Sunday, 10 June 2012

Evolution of MSRS

Carousel, the subject of this paper, implements a multitasking scratchpad reuse scheme (MSRS).

How do you share a scratchpad memory (SPM) between multiple tasks? If it were a cache, then task switching just results in a few extra cache misses as the new tasks are loaded. That's possible because no part of a program actually needs to be in cache when execution begins. The CPU will wait until it is fetched. It works well, at least on average. In the worst case, given an otherwise predictable computer architecture, we can work out a bound on the number of cache misses. This cost will be quite small for high-priority tasks, because they are rarely (or never) interrupted.

With SPM, the fetching mechanism is not provided automatically. Instead the program or the OS must specify what is to be loaded. If the system is multitasking - if any task may be interrupted at any time to run a higher-priority job - then there is a problem. How can we correctly manage the state of the SPM so that all of the tasks continue to run correctly?

The first obvious answer might be "don't use SPM". Why make life difficult for yourself? Give up and use a cache; deal with cache-related preemption delay separately. But academic problems are no fun if you just assume the current way is the best way. So we assume that we must use SPM - it has advantages of its own - then figure out how.

The second obvious answer is to partition the SPM, giving each task a small slice which is all its own, unchanged by preemptions. That slice is available to the task; the rest is unused, and logically (if not physically) inaccessible. The rationale here might be that only a few tasks are really important. Most tasks don't need SPM space: only the highest-priority ones. But it is not hard to see inadequacies in the idea. What if all the tasks need more SPM space than is available? Disaster!

So, third obvious answer. Treat the whole SPM as part of the context of a task, just like the state of the CPU registers. Every preemption swaps out the current SPM contents (Save), and swaps something else in instead (Restore). Each task can use as much SPM space as necessary, up to the limit of the memory. This is the dumbest sort of multitasking scratchpad reuse scheme (MSRS) because it enables the same areas of SPM to be used by multiple tasks. But it is inadequate. Every context switch forces a full read/write cycle on the SPM? That's a big, big cost: individually small, but multiplied by every preemption! And it may be wasted time, because tasks might not require all of the SPM space.

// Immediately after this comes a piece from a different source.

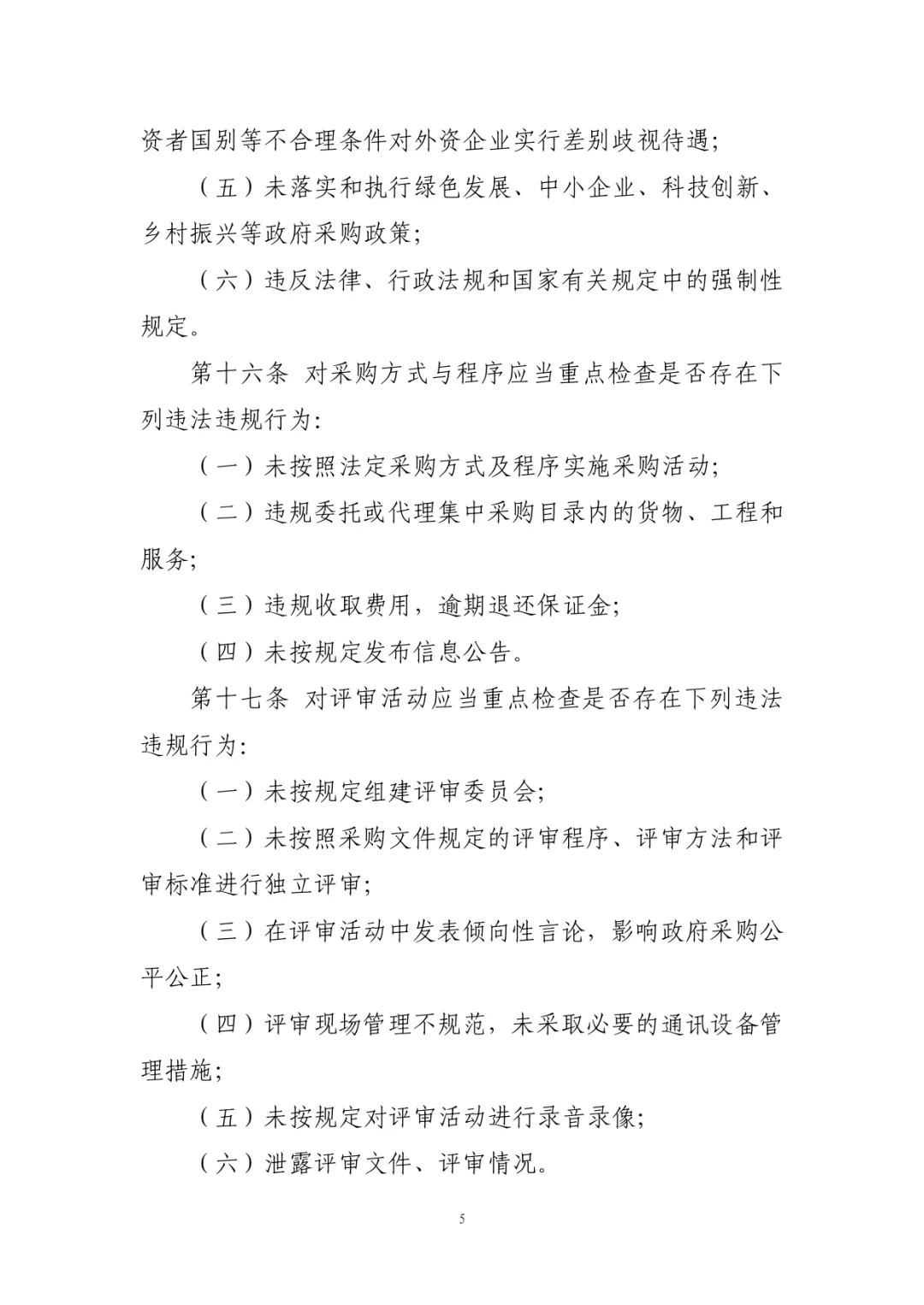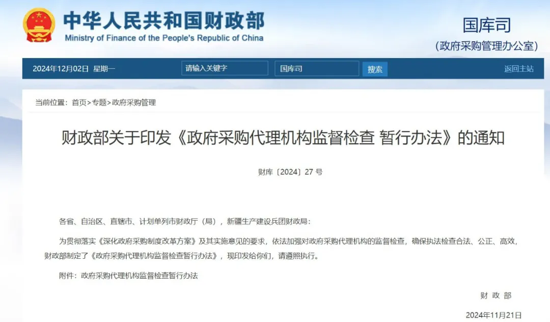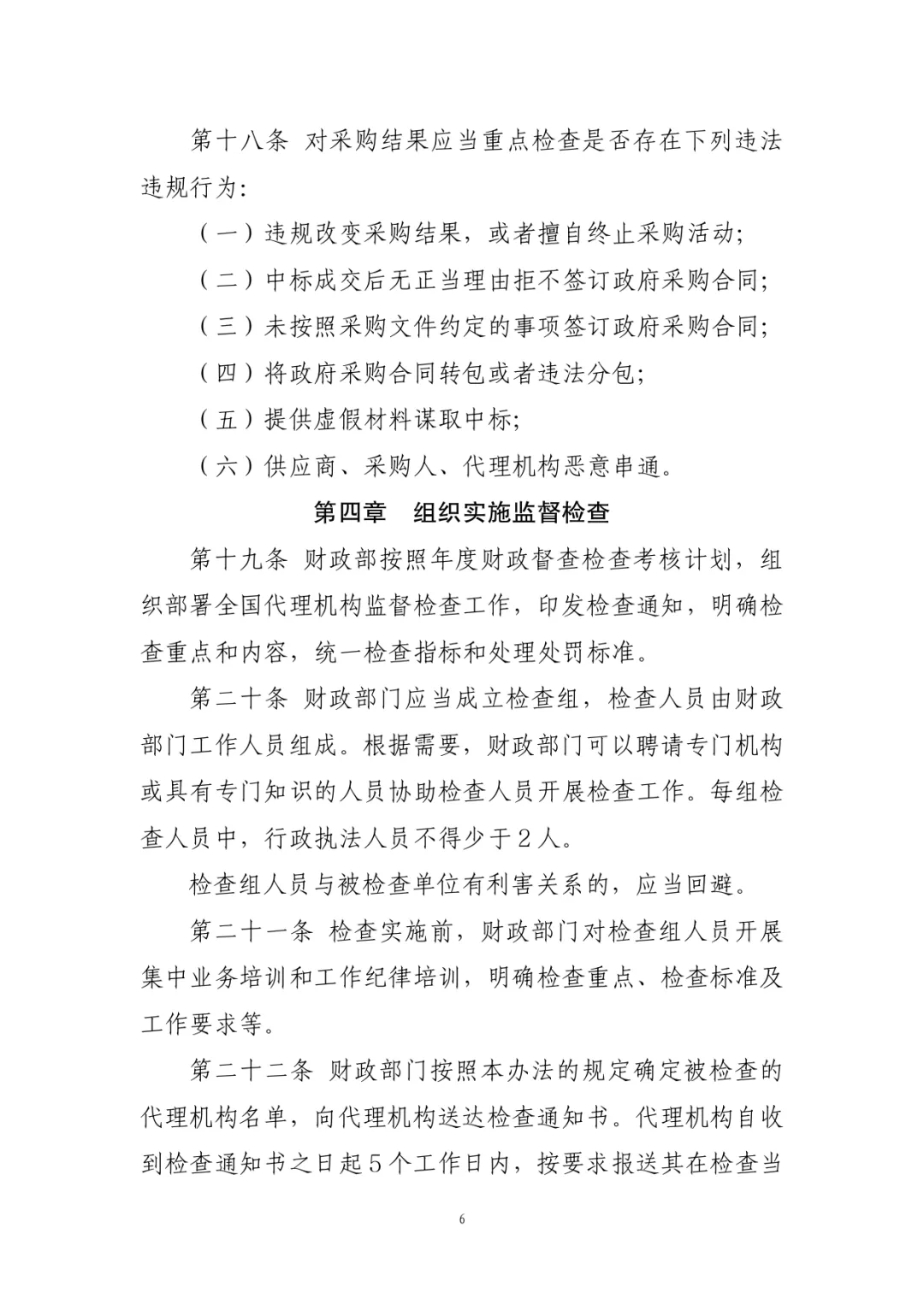此外,《辦法》還明確了監督檢查的重點內容,細化了涉及名錄登記信息、采購文件編制情況、采購方式與程序、評審活動、采購結果等5類25項重點檢查的違法違規行為類型;結合代理機構監督檢查工作實踐,進一步梳理和細化了檢查實施步驟,主要分為下達檢查通知、選取項目、自行檢查、書面審查、現場檢查等環節;規定了處理處罰及結果運用,要求財政部門按照統一標準,對檢查中發現的違法違規行為依法作出處理處罰,主動公開結果信息,將處理處罰結果作為代理機構專業評價的參考依據,強化評價結果運用,引導采購人自主擇優選擇代理機構。

We can improve the quality of the MSRS by allowing each task to specify the number of SPM blocks it actually requires. We can Save and Restore a variable-sized portion of the SPM. If the next task only requires 3 blocks, we only need Save/Restore 3 blocks. It's a bit like the partitioning solution, but it's dynamic, in the sense that the division between available space and unused space shifts from task to task.


The most recent results tell me that the MSRS idea is not so good for small numbers of tasks, because the time spent in Save/Restore is greater than the equivalent cache-related preemption delay. But for large numbers of tasks, MSRS is preferable. Why is this? Because the impact of one task on another is precisely quantified rather than being overestimated. And because the memory footprint of each task is smaller, as SPM allocation algorithms reuse limited space.

The early work is not so developed. It focuses on the wrong things. It is concerned with showing the flexibility of MSRS to handle code and data, and insufficiently interested in demonstrating benefits. Since October, when that paper was submitted to RTAS, I have learned:
  • That the concept of MSRS has to be formalised independently of any implementation.
  • That it isn't necessary to organise the hardware that implements MSRS as a stack buffer (or "Carousel"). This is perhaps a useful concept to explain the ideas, but MSRS will also work fine if all the tasks share the SPM from address 0 onwards, which is simpler.
  • That, since the SMMU-like features to support arbitrary data structures are not a necessary part of MSRS, it is best to leave them out of work on MSRS. They actually weakened the first paper through their resemblance to a fully-associative cache.
  • That MSRS has to be implemented in hardware, because software implementations are not competitive with cache. (They are competitive with a write-through cache, but this is arguably an unfair comparison.)
  • That it is a good idea to divide the SPM into read-only space and read-write space.
"Read-only space" means that the memory is only updated by the OS, during task switches. So it is not ROM: it is instead RAM that the application tasks are not allowed to update. This is suitable for machine code and for read-only data (e.g. strings). Read-only space is nice, from an implementation point of view, because the Save step only needs to record the source address of a read-only block: this being the location in external memory that the block was copied from.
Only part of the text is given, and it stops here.